NH House panel weighs property tax breaks for accessory dwelling units

But bill backed by affordable housing advocates receives lukewarm reception

If you rent out your mother-in-law apartment to a stranger you could not only get rent, but a property tax break under a proposed bill attempting to add more affordable units to New Hampshire’s housing stock.

Under House Bill 1510, municipalities would be able to provide a tax exemption on accessory dwelling units, or ADUs, built or occupied after January 2021 and leased to non-family members.

ADUs are an addition to a home with a separate kitchen and bathroom that could be occupied by anybody. Before June 2017, many municipalities wouldn’t allow them, or at least made it difficult to have one, but a law enacted at the time required local zoning ordinances to allow them. It was pushed by a coalition of affordable housing groups, advocates for the elderly, homebuilders and Realtors.

Rep. Harrison Kanzler, D-North Conway, sees his bill as further encouraging ADUs to increase the supply of a rental housing market, which currently has a statewide vacancy rate at 1%.

“The spirit behind this bill is to promote the construction of ADUs, increasing the value of the owner’s property, while also providing new housing units for long term renting, and not increasing the property tax assessment on the owner’s property,” he told NH Business Review in an email.

But questions at Tuesday’s hearing of the House Municipal and County Government Committee were more about the letter of the law than the spirit.

If this was supposed to be providing affordable housing, what about that person with the $5 million house and a $2 million addition, asked one committee member.

“I think it would be used by most people not on a luxury apartment, but on a much smaller scale,” Kanzler said, adding he would be amendable to an amendment that would place some limitations to prevent large property tax breaks.

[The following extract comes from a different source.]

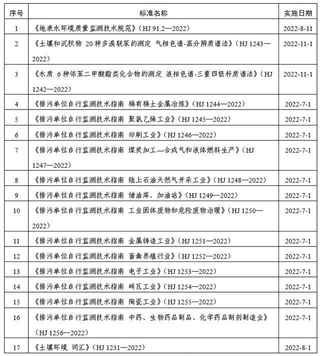 (一)生態(tài)環(huán)境部發(fā)布17項國家生態(tài)環(huán)境標準
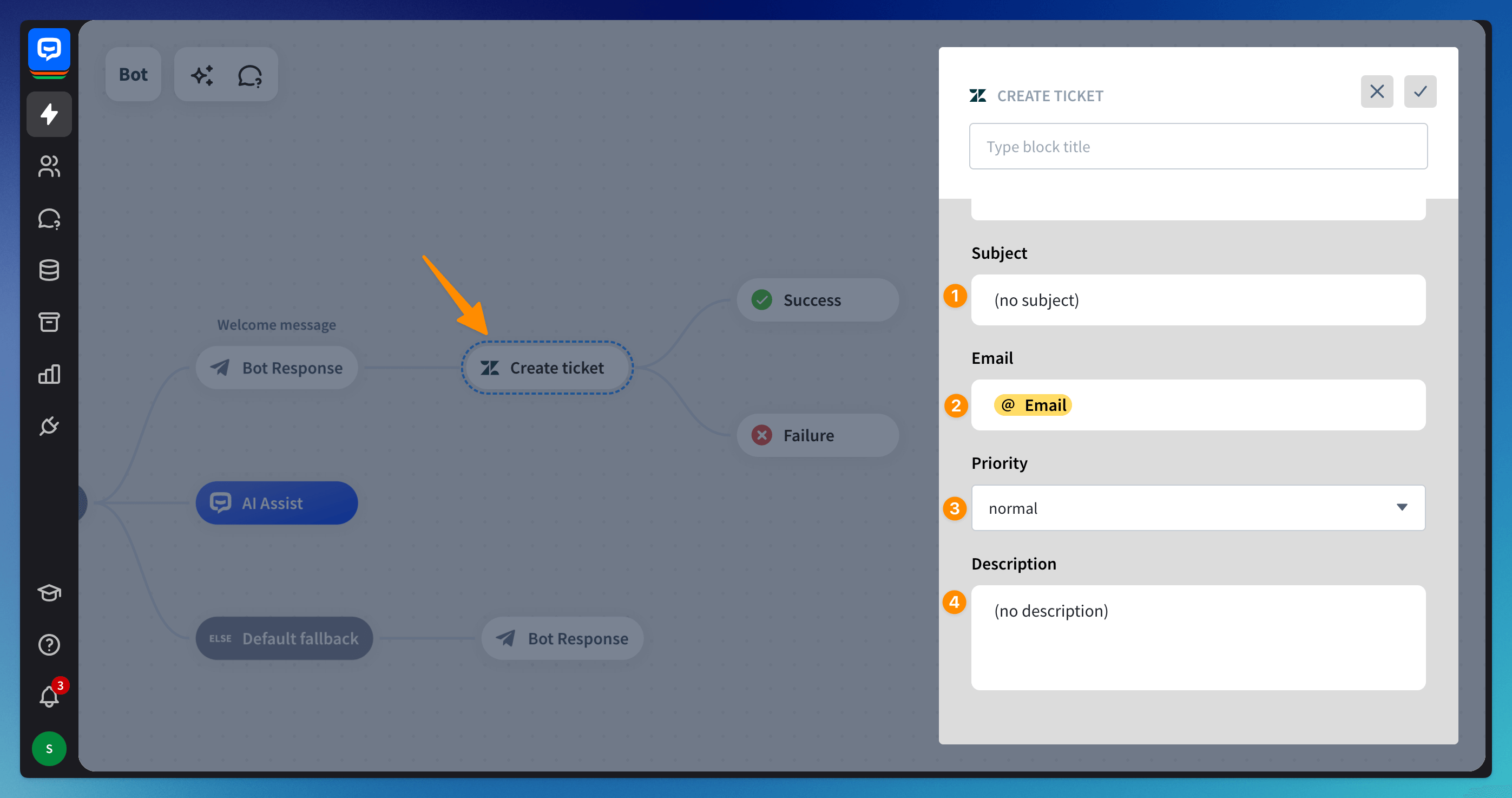 The Create ticket action for Zendesk lets you create tickets from your customers’ chats with your chatbot. You must first connect your Zendesk account to ChatBot to use this action.

Rep. Max Abramson, L-Seabrook, thought there might be another loophole, because of the large amount of duplex condos in his area. Wouldn’t that law not just allow for a tax break on a small apartment, but a property tax break on half of the property, he asked

And Margaret Byrnes, executive director of the New Hampshire Municipal Association, testified that it would be difficult for towns to decide who is a non-family member, and more importantly, the municipalities have nothing to gain by this, and only revenue to lose.

“Wouldn’t it discourage towns from wanting to approve ADUs?” Abramson asked later.

But not every comment was critical of the measure.

“I get an apartment built above my garage for my family. And if I later rent it to a stranger it will be tax-exempt on what I spent to add the ADU,” Susan Treleaven, D-Dover. “So this may encourage me to do it and add to the housing supply.”